How does the tonemap function in the Image Processing Toolbox product work?
Tone mapping, or tone reproduction, compresses the enormous amount of illumination data in a high dynamic range image to something more suitable for output on a medium that has a lower dynamic range. The recent discussion of my office image shows the results of tone mapping.
But what is dynamic range? And what makes a high dynamic range image?
In the simplest terms, dynamic range is the ratio of the brightest value in an image or scene and the darkest value. Consider the following table of illumination sources from High Dynamic Range Imaging by Erik Reinhard, Greg Ward, Sumanta Pattanaik, and Paul Debevic:
|Condition||Illumination (in cd/m2)|
The human visual system is capable of discriminating about five orders of magnitude at most of these different illumination levels. That is, if you have normal vision, you can see something with a brightness value of 1 and a value of 100,000 in the same scene. Under different conditions, you might be able to make out detail in something with a value of 0.001 at the same time that you look at an object with a brightness level of 100. What you can’t do is see detail in something with a value of 0.001 and another thing with brightness 100,000 simultaneously. That would require being able to distinguish between eight orders of magnitude at once.
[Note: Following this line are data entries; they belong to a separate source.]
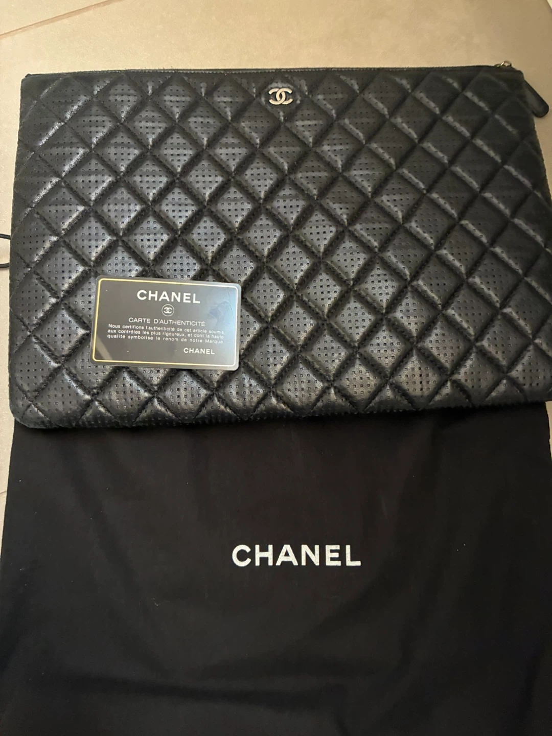 Selling a stylish Chanel black quilted pouch! It comes with its original dust bag and authenticity card. The quilted design and iconic Chanel logo make it a timeless accessory. Perfect for keeping your essentials organized in style!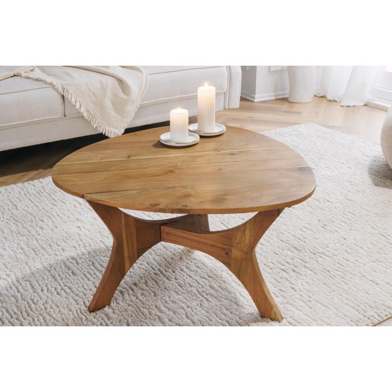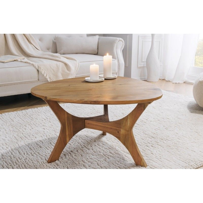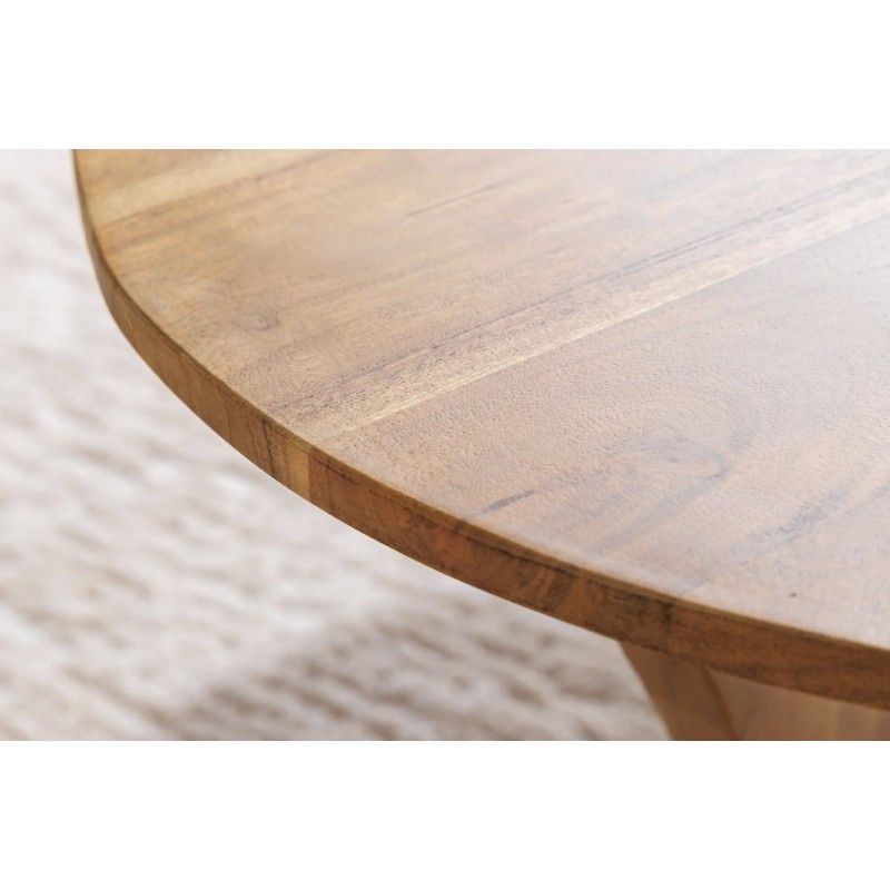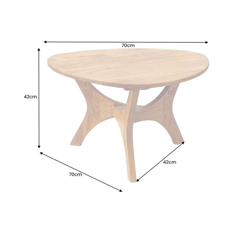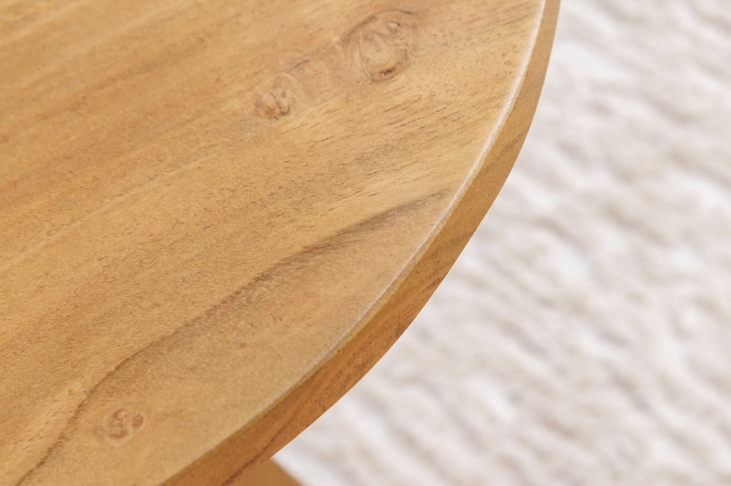 Ses pieds en bois massif aux sections fines apportent légèreté visuelle et stabilité. Leur implantation équilibrée assure un excellent maintien tout en mettant en valeur la forme ronde du plateau, idéale pour fluidifier la circulation dans le salon.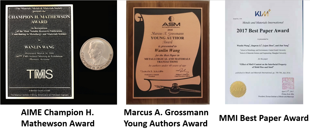 学生先后获得省级及国家行业性优秀硕士生论文7篇,公司优秀博士生论文1篇,研究生国家奖学金17次,米塔尔奖学金、赵天从奖学金等校级奖学金30余次。团队学生学术论文还获得了2012、2016、2020年TMS Metallurgical and Materials Transactions授予的Free Access article论文奖,2016年TMS & ASM International授予的Excellent Review Recognition of Metallurgical and Materials Transactions,2017年的Korea Metals and Materials International Best Paper Award以及2018年的AIME Champion H. Mathewson Award以及ASM Marcus A Grossmann Award等多项国际性学术奖励。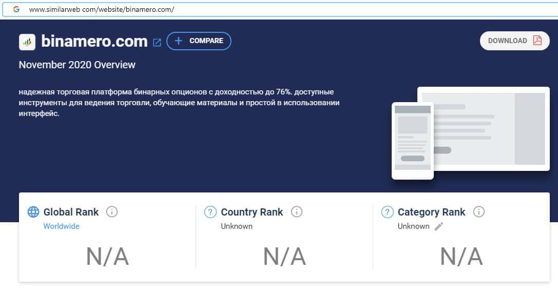 При проверке источников бренда по странам скам-компании Bin Amero на сайте similarweb com, информация отсутствует, что является признаком фейкового лохотрона.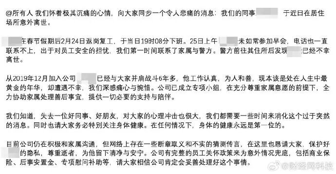 我们怀着无比沉痛的心情,向大家告知一个令人心碎的消息:我们的同事××意外离世。××在春节假期结束后,于2月24日返回工作岗位,当天19时08分下班。25日上午,××没有像往常一样参加早会,电话也始终无法接通。出于对员工安全的担忧,我们第一时间联系了家属和警方。警方赶到其住所后,发现××已经不幸离世。××自2019年12月加入公司,至今已与大家并肩奋斗6年多。他工作认真负责,为人亲切和善,正处于人生中最宝贵的黄金年华,却遭遇如此不幸,我们深感痛心与惋惜。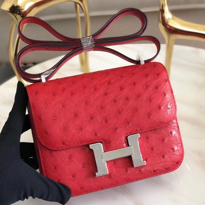 Replica Hermes Ostrich Constance 18 Bag comes with Hermes dust bag and certificate card etc.
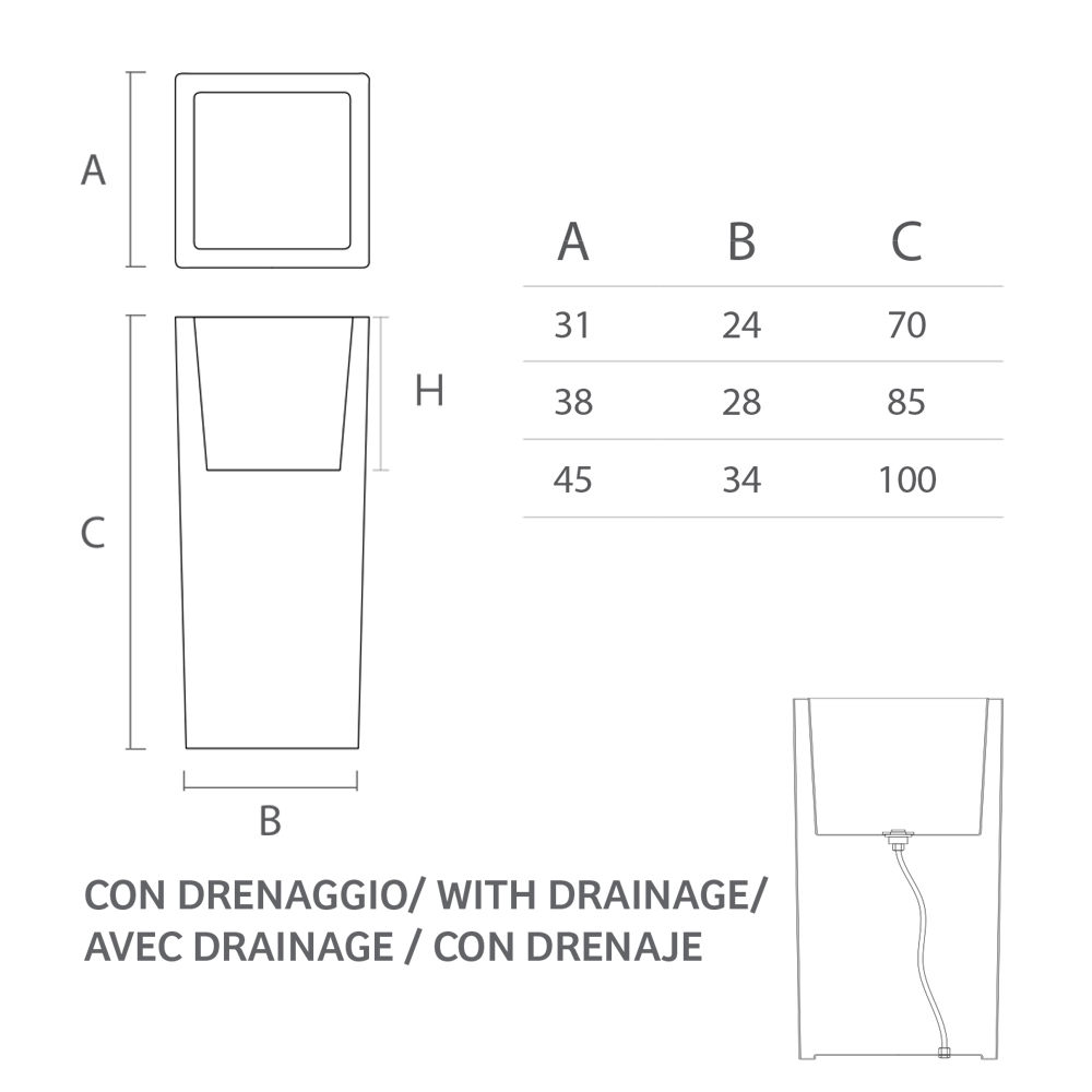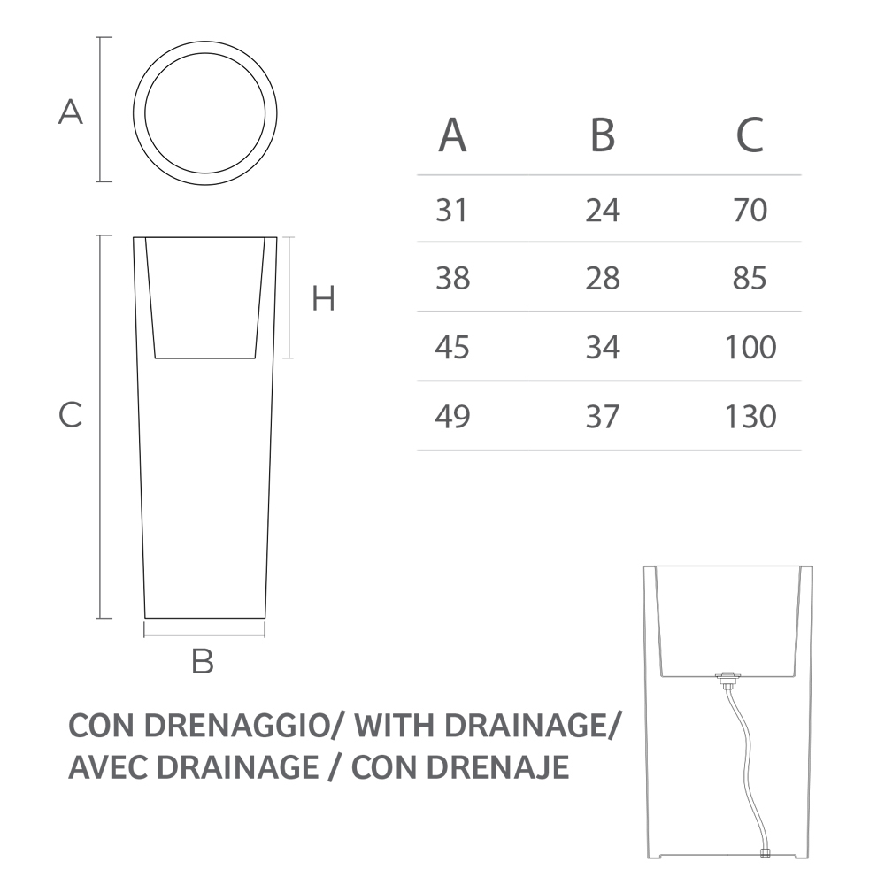Struktura përfshin një komplet kullues uji për të lejuar që kjo vazo të dekorojë hapësirat e brendshme dhe të jashtme pa sakrifikuar aspektin praktik dhe funksional. Së fundi, kjo vazo e brendshme është e pajisur me një dritë LED të integruar për t'i dhënë një prekje shtesë stilit hapësirave të brendshme por edhe ambienteve të jashtme gjatë eventeve.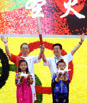 Li Shu (L), the first torchbearer and the first mayor of Songyuan, receives the torch from Lan Jun, general secretary of the Municipal Party Committee, standing in front of a boy and girl holding doves during the Torch Relay in Songyuan, Jilin province, July 15, 2008. [Xinhua]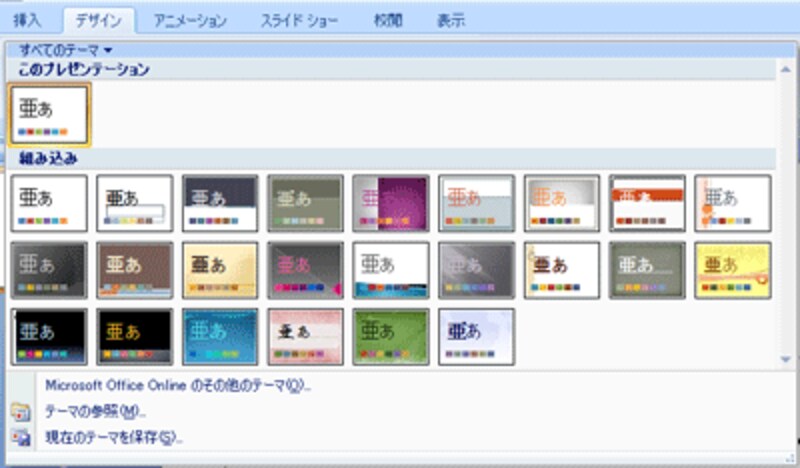 | PowerPoint2007のスライドデザイン。シンプルで使いまわしのきくデザインが中心だ |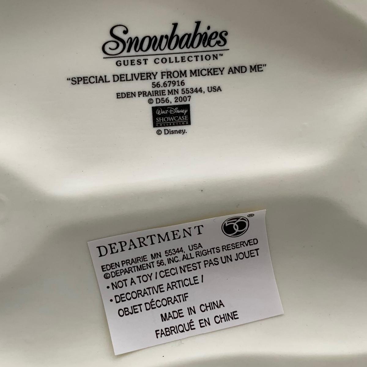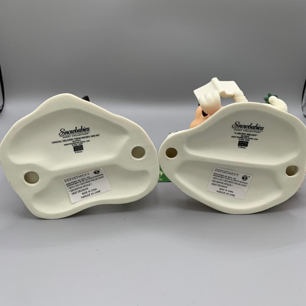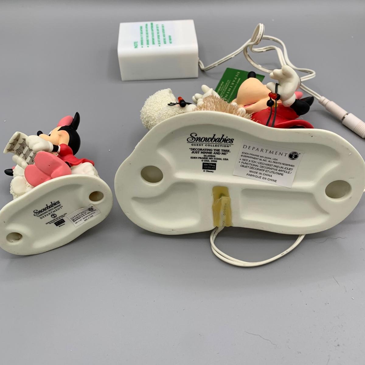 LOT 172 B: Department 56 Snowbabies Guest Collection: "Special Delivery From Mickey And Me", "A Mickey Melody", "Decorating The Tree, Just Minnie And Me", & "Caroling With Minnie"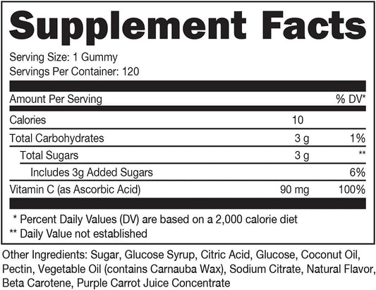High-Potency Vitamin C Gummies 90mg for Immune Support - 120 Count

An image with values that range from 1 to 100,000 has a dynamic range of 100,000:1. Most of the images made for display on contemporary monitors have a dynamic range of only 256:1 per color channel, because that’s all that most monitors are built to support. We’ll call the latter images low dynamic range (LDR) images and anything with the ability to store more illumination detail a high dynamic range (HDR) image. There’s nothing stopping us from creating HDR images, but we won’t be able to display them on a LDR device like a monitor or inkjet prints.
Tone mapping is the HDR to LDR conversion. There are many tone mapping operators that we might have implemented. (See “A review of tone reproduction techniques” (2002) by Kate Devlin for an overview of these technique.) We chose a technique that renders floating-point high dynamic range RGB radiance maps to low dynamic range RGB UINT8 images using a spatially uniform tone mapping operator similar to what Ward et al. described in their 1997 paper “A visibility matching tone reproduction operator for high dynamic range images” (IEEE Transactions on Visualization and Computer Graphics, 3(4):291-306). It differs in several ways, though.
In a nutshell, our tonemap function takes the base-2 logarithm of the RGB radiance map to mimic the human visual response to brightness, transforms the image into the L*a*b* colorspace, and performs contrast limited adaptive histogram equalization on the luminance channel without changing the overall color content of the image. After converting the modified L*a*b* image back to RGB, the result for most images is a fairly good LDR image suitable for output. We provide a couple of parameters to improve the “artistic” qualities of the rendering – AdjustSaturation and AdjustLuminance – as well as the ability to tune the histogram equalization.
While our technique doesn’t use much of what is known about how the human visual system performs tone mapping, we think we picked a method that balances good results, acceptable performance, and low complexity. My hope is that people doing work on HDR imagery will take a look at the two-dozen so important lines inside tonemap and see just how easy it is to get started implementing their own tone reproduction operator in MATLAB.
 – One “order of magnitude” is one power of ten. Engineering types are fond of talking about orders of magnitude.